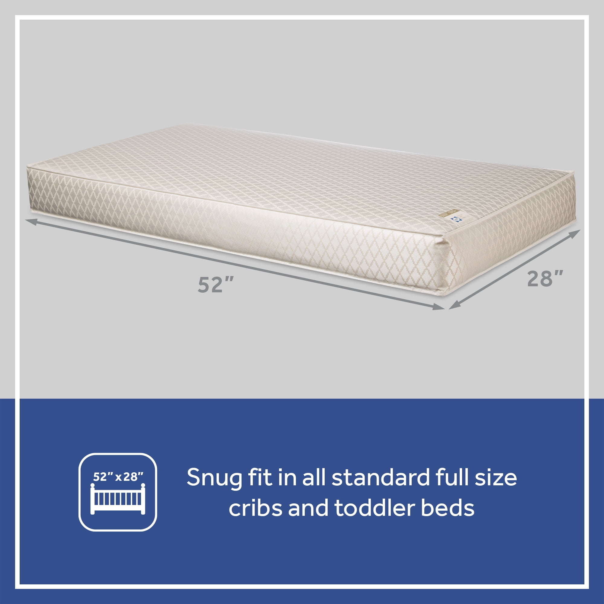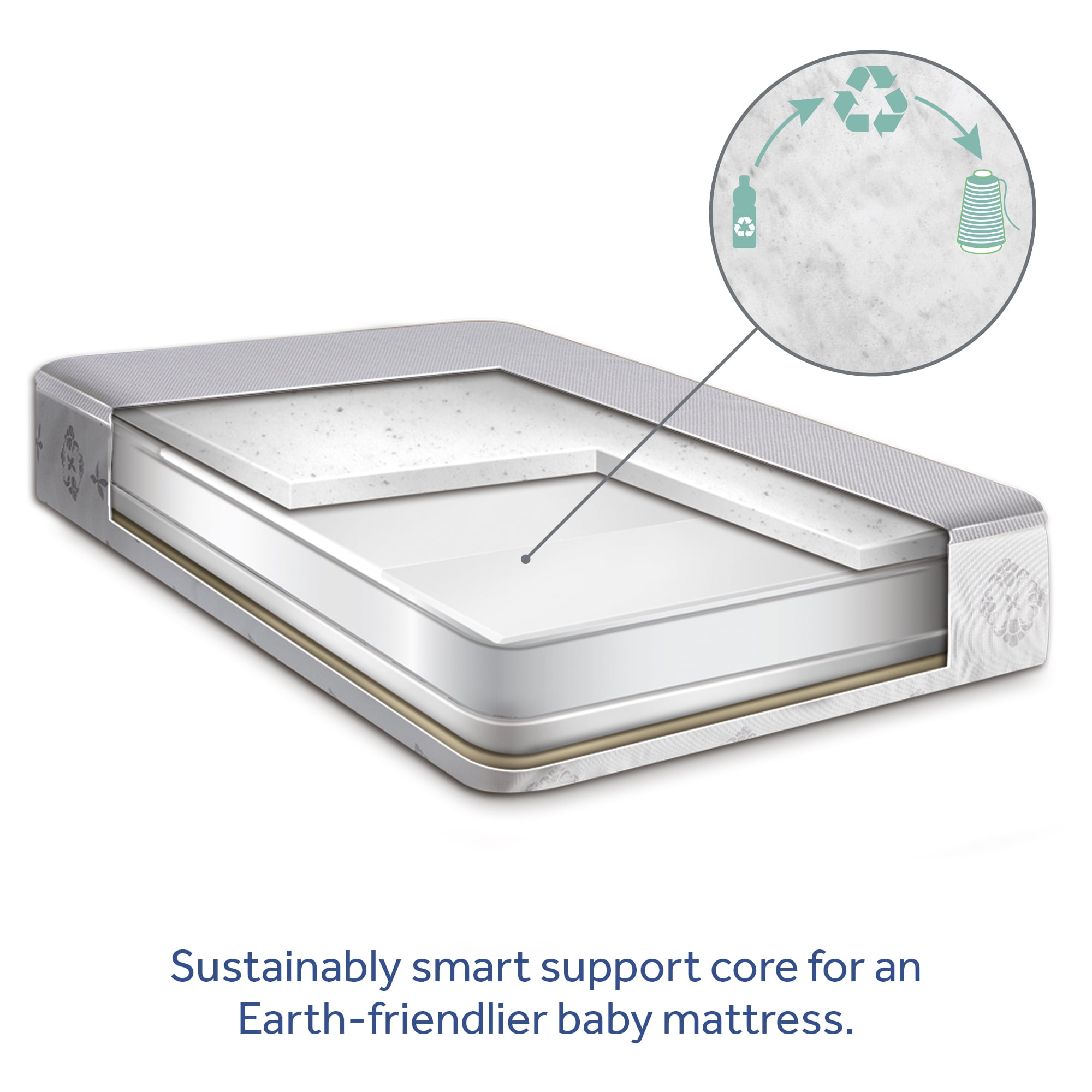 Lightweight 2-stage crib mattress is firmer on the infant side and softer on the toddler side Greenguard Gold Certified, Waterproof, non-toxic for baby, airflow pocket, baby crib and toddler mattress fit Luxurious cotton cover is comfortable, PVC-free, and breathable on baby’s skin Waterproof barrier and binding helps prevent liquids from seeping inside the mattress Lightweight design makes changing sheets and crib pads easy, weighs only 10 pounds Protective cotton wrap provides comfort and durability Safety, quality and ASTM compliant for durability, tested for long-lasting use Additional layer on toddler side for added comfort GREENGUARD GOLD Air Quality Certified for a healthier sleeping environment for baby An Earth-friendlier core rescues ocean-bound plastics and transforms them into hypoallergenic fibers spun into a firm core Lifetime warranty on workmanship and materials Airflow pocket for freshness Hypoallergenic lightweight sustainable core is firm and durable for infants toddlers More babies sleep on a Sealy crib mattress which exceed standards for safety, quality and provide lasting comfort Square corner design for a snug fit in USA standard full-size cribs and toddler bed frames IMPORTANT – CHECK THE SELLER PRIOR TO MAKING YOUR PURCHASE. Sealy cannot guarantee the quality or authenticity of Sealy products from unauthorized sellers on . To ensure the very highest safety and quality for you and your family, only buy from listings that are “Sold and Shipped by .” The Sealy warranty does not cover products purchased from unauthorized sellers.
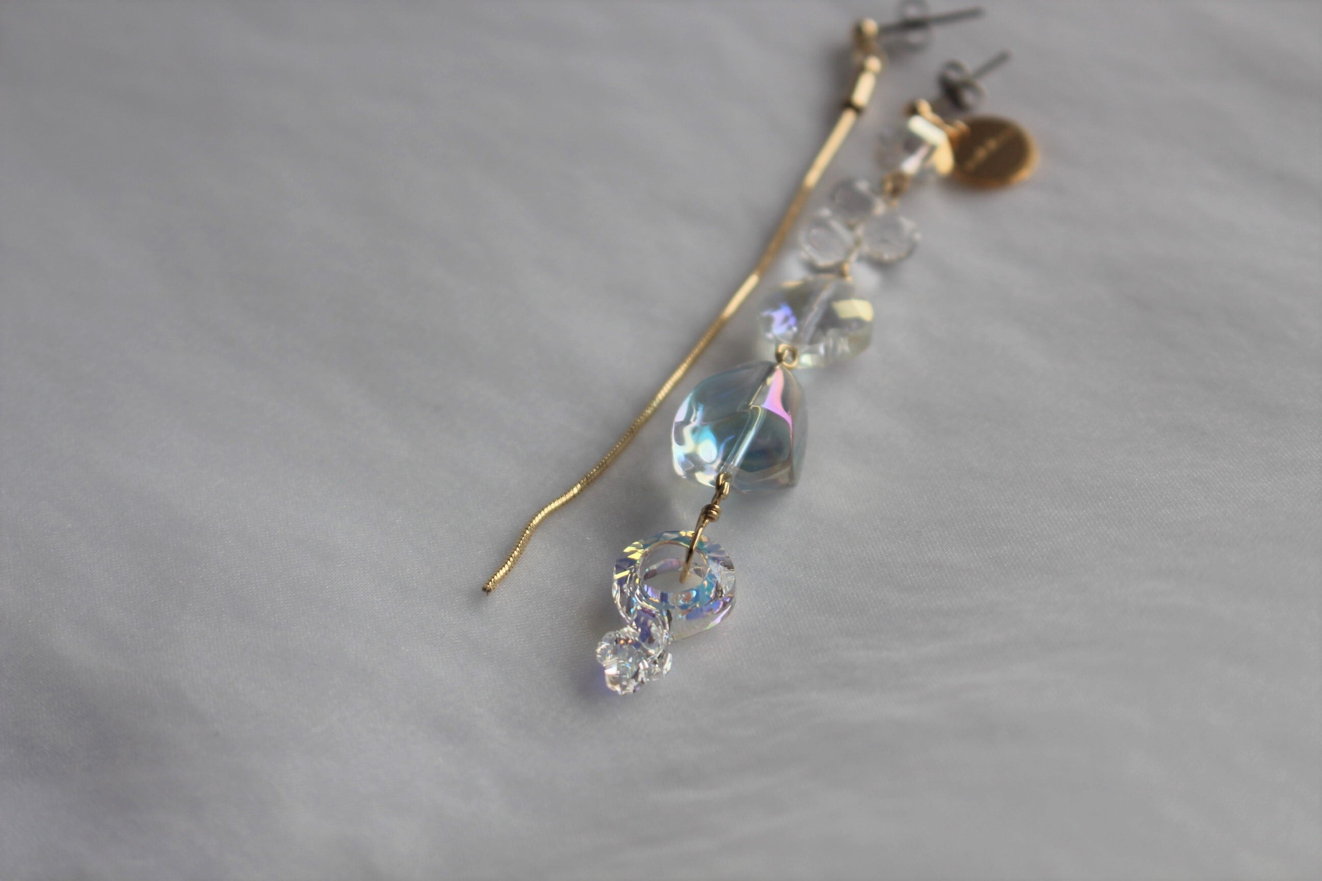 (チェーンはガラスピアスのほうより若干短くお作りしています)
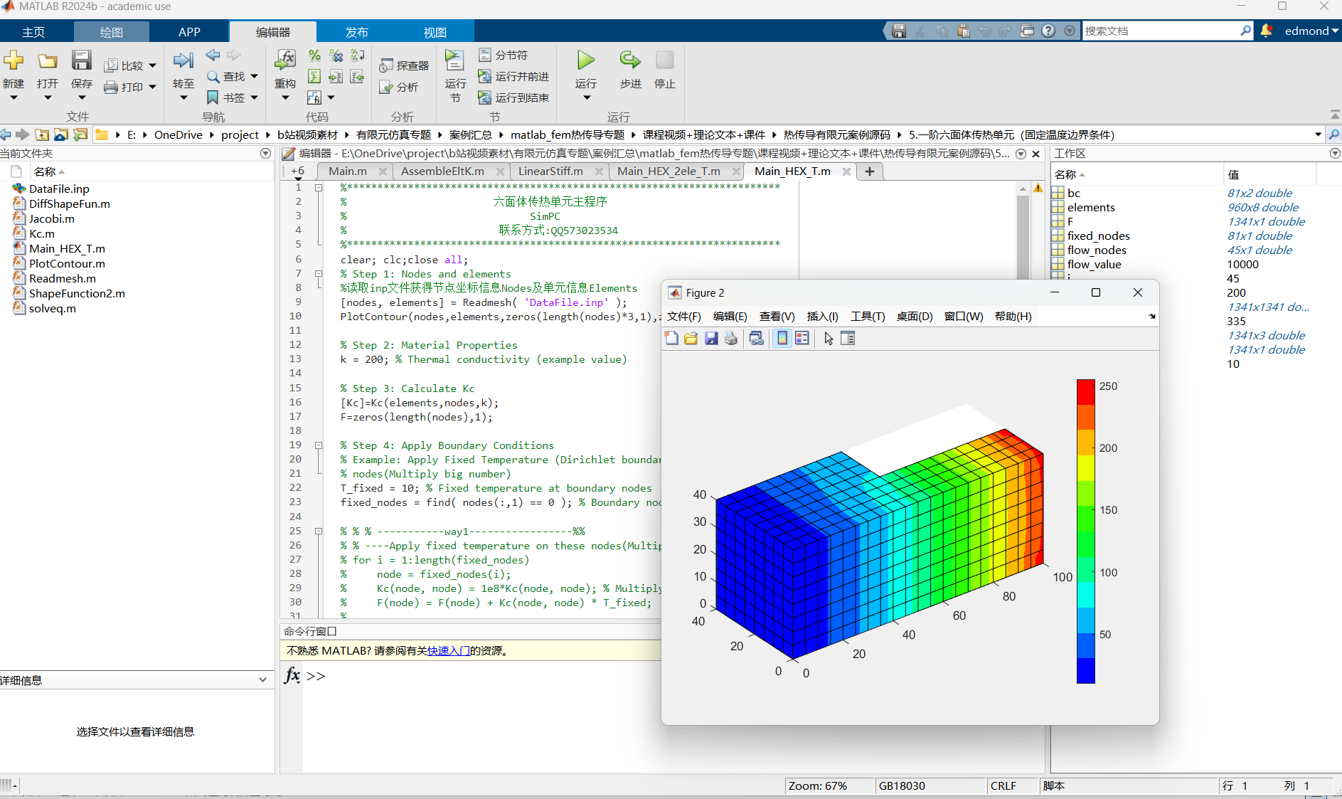 本代码案例讲解收录在《热传导问题Matlab有限元编程》精品课,B站试看链接如下:
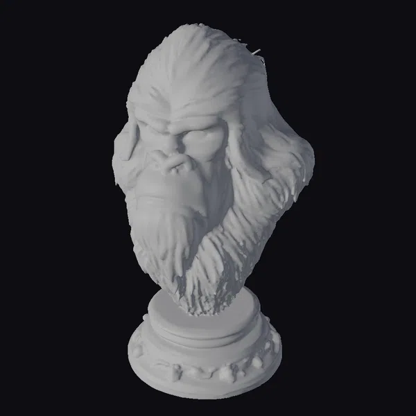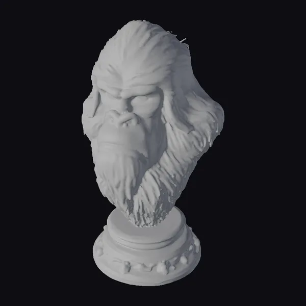 Positioned on a sturdy pedestal adorned with a gold and dark stone base, the yeti bust is a marvel of detailed craftsmanship. Its fur, rendered in shades of gray, appears both wild and majestic, framing a face that exudes a mix of power and introspection. The eyes, with their deep-set gaze, seem to hold ancient wisdom, while the fur’s texture suggests the harsh, untamed beauty of the natural world. This model is perfect for those looking to add a touch of mythical intrigue to their projects, whether in gaming, animation, or design. Its high level of detail makes it suitable for close-up shots and animations, allowing for a deep exploration of its intricate features.
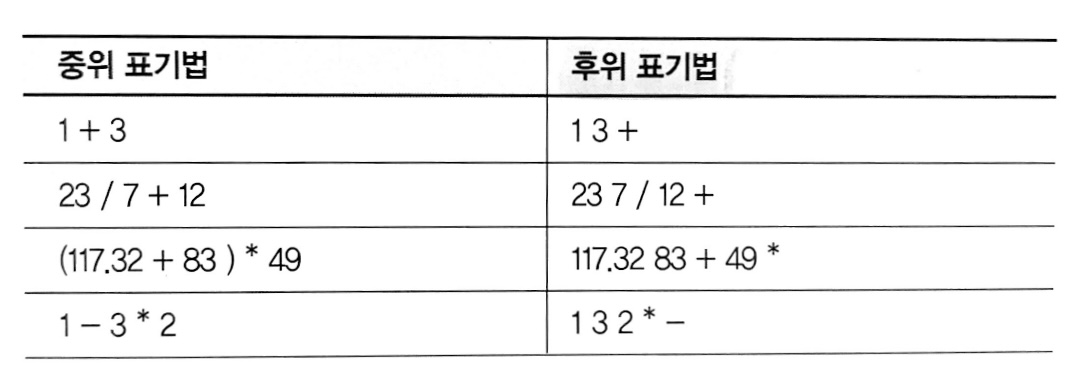 중위 표기법(Infix Notation): 우리가 일상적으로 사용하는 수식 표기법 ex) 23 / 7 + 12
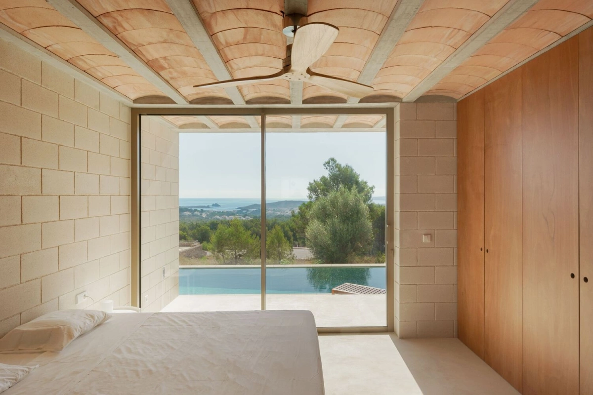 Mỗi phòng ngủ đều có sân hiên riêng nhìn ra cảnh quan xanh mát xung quanh và biển Địa Trung Hải.
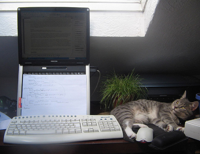 The only way to work successfully from a home office (or kitchen table or couch) is to do things the way you would in a real office: by sitting (or standing) in front of a computer for the majority of your waking hours and Getting It Done. I’ve never understood people who say, “I could never work in an office from nine to five every day, it would be like being in a box,” because when you’re working from home, you still have to work in a box. It’s just a box you have to make and lock yourself. For me, this is much harder than it would be if the box was in an office somewhere, because then I would not have to turn the place I watch Netflix in into a place of business and back twice a day.
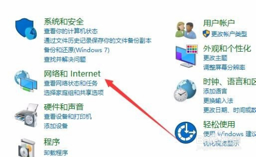 在打开的控制面板窗口中,点击“网络和Internet”图标

**Exercise directions:** Only the records, copied exactly and free of pictures, belong in the answer.

**Your response:**
 Lightweight 2-stage crib mattress is firmer on the infant side and softer on the toddler side Greenguard Gold Certified, Waterproof, non-toxic for baby, airflow pocket, baby crib and toddler mattress fit Luxurious cotton cover is comfortable, PVC-free, and breathable on baby’s skin Waterproof barrier and binding helps prevent liquids from seeping inside the mattress Lightweight design makes changing sheets and crib pads easy, weighs only 10 pounds Protective cotton wrap provides comfort and durability Safety, quality and ASTM compliant for durability, tested for long-lasting use Additional layer on toddler side for added comfort GREENGUARD GOLD Air Quality Certified for a healthier sleeping environment for baby An Earth-friendlier core rescues ocean-bound plastics and transforms them into hypoallergenic fibers spun into a firm core Lifetime warranty on workmanship and materials Airflow pocket for freshness Hypoallergenic lightweight sustainable core is firm and durable for infants toddlers More babies sleep on a Sealy crib mattress which exceed standards for safety, quality and provide lasting comfort Square corner design for a snug fit in USA standard full-size cribs and toddler bed frames IMPORTANT – CHECK THE SELLER PRIOR TO MAKING YOUR PURCHASE. Sealy cannot guarantee the quality or authenticity of Sealy products from unauthorized sellers on . To ensure the very highest safety and quality for you and your family, only buy from listings that are “Sold and Shipped by .” The Sealy warranty does not cover products purchased from unauthorized sellers.
 (チェーンはガラスピアスのほうより若干短くお作りしています)
 本代码案例讲解收录在《热传导问题Matlab有限元编程》精品课,B站试看链接如下:
 Positioned on a sturdy pedestal adorned with a gold and dark stone base, the yeti bust is a marvel of detailed craftsmanship. Its fur, rendered in shades of gray, appears both wild and majestic, framing a face that exudes a mix of power and introspection. The eyes, with their deep-set gaze, seem to hold ancient wisdom, while the fur’s texture suggests the harsh, untamed beauty of the natural world. This model is perfect for those looking to add a touch of mythical intrigue to their projects, whether in gaming, animation, or design. Its high level of detail makes it suitable for close-up shots and animations, allowing for a deep exploration of its intricate features.
 중위 표기법(Infix Notation): 우리가 일상적으로 사용하는 수식 표기법 ex) 23 / 7 + 12
 Mỗi phòng ngủ đều có sân hiên riêng nhìn ra cảnh quan xanh mát xung quanh và biển Địa Trung Hải.
 The only way to work successfully from a home office (or kitchen table or couch) is to do things the way you would in a real office: by sitting (or standing) in front of a computer for the majority of your waking hours and Getting It Done. I’ve never understood people who say, “I could never work in an office from nine to five every day, it would be like being in a box,” because when you’re working from home, you still have to work in a box. It’s just a box you have to make and lock yourself. For me, this is much harder than it would be if the box was in an office somewhere, because then I would not have to turn the place I watch Netflix in into a place of business and back twice a day.
 在打开的控制面板窗口中,点击“网络和Internet”图标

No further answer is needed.